Zlatoust arms factory was founded in 1815 under the iron foundry--one of the largest enterprises in Ural in early 19th century. Its development is credited to the perfection of metallurgical processes and the improved quality of carbonaceous steel. For 100 years (from 1817, the first year of production, to 1917, the year the factory became one of the shops of the local mechanical plant) it produced all types of officially regulated soldiers' and officers' cold steel. More than three quarters of such Russian products were created there. In early 20th century, in peace time, Zlatoust produced up to 150,000 weapon items per year, and during World War I, these figures tripled.

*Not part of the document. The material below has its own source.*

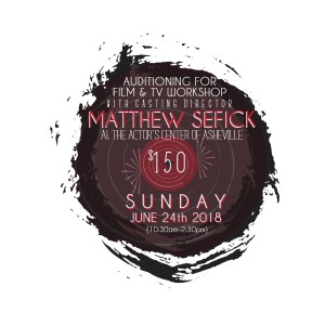 Our once A Month On Camera Audition Techniques Workshop w/ Kevin Patrick Murphy at The Actors Center of Asheville on Saturday, July 15th at 10am.

In the first half of the 19th century the factory used bloom* steel, which was difficult and labor-consuming to obtain: the blanks had to be forged over and over again. Due to the skill of an outstanding Russian metallurgist Pavel Anosov (1799-1851), whose life was linked with the Zlatoust arms factory for almost 13 years, the production of high quality steel for arms continued until


* Bloom-porous sponge iron mass, saturated with slag, from which finery iron or steel is produced by means of different types of processing.--Ed.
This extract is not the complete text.